The trouble is Columbus has been falling out of favor for some time, except among the Italian-Americans who used his Italian roots to claim their spot at the American table.  The Columbus Day parades in the big cities are less about the Navigator—an ironic title for someone who didn’t know where the hell he was—and more about, as an Italian friend once put it, Gumba Pride.  

Italian Americans display their ethnic pride and flex their political muscles at Chicago's big Columbus Day Parade.
Chicago is one of those cities plunging ahead with its giant parade today.  Even Mayor Lori Lightfoot, a ground breaking progressive Democrat, will be on hand to court this important ethnic block.  But the City Council will soon consider a proposal by Puerto Rican Alderman Carlos Ramirez-Rosa of the 35th Ward that could replace official recognition of Columbus Day for Indignous People’s Day in 2020.  It would not cancel the privately sponsored Columbus Day parade which could continue to roll.
That worked as long as the Columbus story told in 19th Century school primers was the only information out there.  But those damn historians insisted on poking around.  Lo and behold it turns out Columbus was not a very nice man.  In fact when King Ferdinand and Queen Isabella rewarded him for his voyages with the title of Admiral of the Ocean Sea and the job of Viceroy to rule the new lands, he was so brutal, venal, and corrupt that the Catholic Priests sent to save the souls of the natives petitioned their Majesties to have him removed.  So did various adventurers and would-be Conquistadors who he slapped in irons for horning in on his exclusive franchise.
In the end he was stripped of his titles and slapped in irons himself.

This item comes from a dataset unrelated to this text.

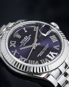 This specific Datejust 31 captivates with its rich aubergine (purple) dial, elegantly adorned with classic Roman numerals. What truly sets it apart is the exquisite detail of 11 brilliant-cut diamonds meticulously set within the Roman numeral VI, transforming this hour marker into a radiant highlight. The iconic fluted bezel, crafted from 18k white gold, frames the dial with brilliant precision, while the signature Cyclops lens magnifies the date, a hallmark of Rolex's commitment to both aesthetics and utility.

Columbus was personally responsible for the genocide of the Carib nation and opened the door to centuries of atrocities, exploitation, colonialist oppression, and settler replacement across Americas.
One of the offenses with which he was charged was virtually wiping out the Carib nation which populated most of the islands of the Caribbean by turning them into slaves.  Within ten years the once numerous people were gone and the Spanish had to replace them by buying Black Africans from Arab dealers.  
By the 1960’s Native peoples in both North and South America were protesting celebrations of Columbus and demanding that the people who were his victims should be the honorees, not the thief.

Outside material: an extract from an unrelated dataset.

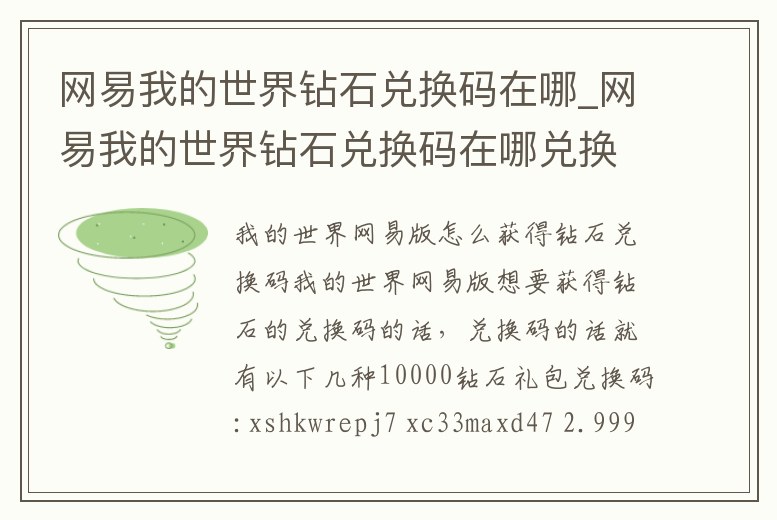 網易我的世界鉆石兌換碼在哪_網易我的世界鉆石兌換碼在哪兌換

An early Native American protest to Columbus Day--marching at Michigan Avenue and Wacker Drive in Chicago after being turned away from the Columbus Day Parade in 1970.    From such modest beginnings a mighty movement grew.
In 1977 at a United Nations sponsored International Conference on Discrimination Against Indigenous Populations in the Americas held in Geneva, Switzerland the idea of replacing Columbus Day celebrations with a day honoring Indigenous Peoples was first proposed.  As the 500 year anniversary of the “Discovery” approached, Native delegates to a conference held in Quito, Ecuador in 1990 determined to plan protests and demand recognition.  “Nobody discovered us,” they asserted, “We knew where we were.”
Native groups in California were among the most vocal and organized in the protests in 1992. They persuaded the city of Berkley to become the first to rename the holiday locally to the Day of Solidarity with Indigenous People, better known as Indigenous Peoples Day.  The movement spread across the state.  Although only two other cities followed Berkley’s lead in officially adopting the name for the local holiday, school systems, libraries, and colleges began holding alternative events.  And activists began marching and sometimes disrupting official Columbus Day festivities.
South Dakota, with a large Tribal population, became the first state to jettison Columbus and adopt what they call Native American Day.  That name is also used by several Oklahoma based tribes.  Hawaii replaced Columbus Day with Discoverer’s Day, commemorating the Polynesian discoverers of the Islands.  
Several cities, including Columbus, Ohio have simply dropped the holiday entirely and canceled the traditional parades.  In San Francisco, with its large Italian community axed Columbus and simply declared the day Italian Heritage Day instead but in 2018 adopted Indigenous Peoples Day.

Chicano Students at the University of Wisconsin at Madison marched for Indigenous People's Day earlier this year.  The State of Wisconsin recognized it this year.
This year the states of New Mexico, Maine, Louisiana, Michigan, and Wisconsin plus the District of Columbia joined the parade to replace Columbus Day with Indigenous Peoples Day.  By this year 11 states and scores of municipalities and counties have made the switch with more sure to come.
So far Congress has ignored calls to make a change on the Federal level.